Maria Aleksandrovna Kharenkova (; born 29 October 1998) is a retired Russian-Georgian artistic gymnast. She is the 2014 European champion on the balance beam.

Junior career

2011 
In April, Kharenkova competed at the Russian Championships in Penza, Russia in the CMS division. She placed sixth in the all-around competition with a total score of 106.000. In event finals, she placed fifth on uneven bars and took gold on floor.

2012 
In March, Kharenkova competed at the 2012 Pacific Rim Championships in Everett, United States. She placed 4th in the all-around competition with a score of 52.950. In event finals, she placed fourth on vault scoring 13.550 and third both on balance beam scoring 14.025 and on floor scoring 13.950.

Later that month Kharenkova competed at City of Jesolo Trophy in Jesolo, Italy. She helped the Russian team finish in third place and individually she placed third with an all-around score of 55.650. In event finals, she placed first on floor with a score of 14.300.

In May, Kharenkova competed at the European Championships in Brussels, Belgium. She contributed scores of 14.100 on vault, 14.100 on balance beam and 14.366 on floor toward the Russian team's first-place finish. Individually, she finished sixth in the all-around competition (despite qualifying in first place) scoring 54.631. However, in event finals, she placed third on vault scoring 13.699, first on balance beam scoring 14.766 and also won gold on floor scoring 14.233.

In November, Kharenkova competed at the Elite Gym Massilia event in Marseille, France. She helped the Russian team finish in first place and individually she placed fourth in the all-around competition scoring 54.250. In event finals, she placed second on vault scoring 13.688 and first on floor scoring 14.550.

2013 
In July, together with teammates Maria Bondareva and Viktoria Kuzmina, Kharenkova competed at the 2013 European Youth Olympic Festival in Utrecht, Netherlands. She contributed an all-around score of 54.600 toward the Russian team's first-place finish. She won the all-around competition with a score of 54.950. In event finals, she placed seventh on balance beam scoring 13.100 and first on floor scoring 13.950.

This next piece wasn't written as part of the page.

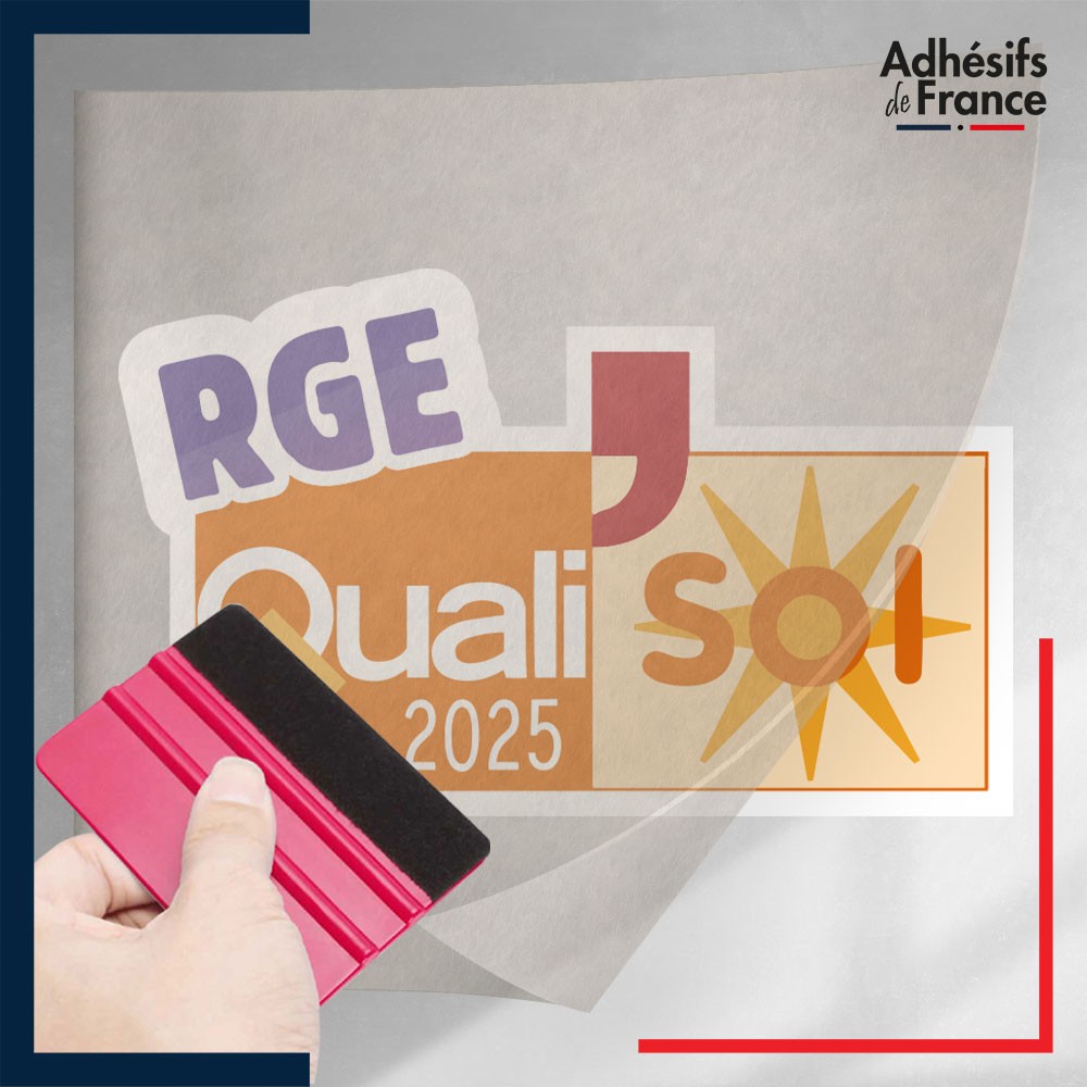 Logo adhésif du label RGE QualiSol, gage de qualité et de fiabilité pour tous les professionnels spécialisés dans l'installation de systèmes solaires thermiques et disposant de cette certification. Cet autocollant est idéal pour communiquer le savoir-faire et le sérieux d'une société labellisée RGE (Reconnu Garant de l'Environnement) et ainsi donner confiance à sa clientèle. Il peut être affiché sur la porte ou la vitre d'un bâtiment ou même sur un véhicule afin de renforcer sa communication professionnelle.

In September, Kharenkova competed at the Japan Junior International in Yokohama, Japan. She placed seventh in the all-around competition with a score of 54.900.

Senior career

2014 

In March, Kharenkova competed at the 2014 Cottbus World Cup in Cottbus, Germany. She placed second on balance beam and third on floor.

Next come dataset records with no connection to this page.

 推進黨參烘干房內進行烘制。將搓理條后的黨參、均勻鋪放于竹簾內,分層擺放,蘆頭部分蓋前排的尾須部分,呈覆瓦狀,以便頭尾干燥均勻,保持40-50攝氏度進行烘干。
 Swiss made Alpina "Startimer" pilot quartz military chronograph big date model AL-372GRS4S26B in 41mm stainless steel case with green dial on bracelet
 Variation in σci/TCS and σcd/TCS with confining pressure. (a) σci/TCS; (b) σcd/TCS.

In May, Kharenkova competed at the 2014 European Championships in Sofia, Bulgaria. In the team final, she contributed scores of 13.933 on vault, 14.566 on beam and 13.766 on floor toward the Russian team's third-place finish. She then went on to win the balance beam title, scoring 14.933.

In October, Kharenkova was selected to compete at the 2014 World Championships in Nanning, China alongside her teammates: Aliya Mustafina, Daria Spiridonova, Ekaterina Kramarenko, Tatiana Nabieva, Alla Sosnitskaya and Polina Fedorova. During qualifications, she fell on balance beam and didn't make the event final. In the team final, Kharenkova contributed scores of 15.033 on balance beam and 13.233 on floor toward the Russian team's third-place finish.

2015 

On March 4, 2015, Kharenkova became the all-around champion at the National Championships in Penza, Russia. She also took the team title, balance beam title, placed 4th in the uneven bars final, and placed third on floor.

In April, Kharenkova competed at the 2015 European Championships in Montpellier, France. She won the silver medal in the all-around with a score of 57.132, behind Giulia Steingruber, after qualifying in first place. She also qualified into the uneven bars, balance beam and floor exercise finals. A heavy favourite and top-ranked qualifier for the balance beam final, she ended up falling in her routine and placing 6th.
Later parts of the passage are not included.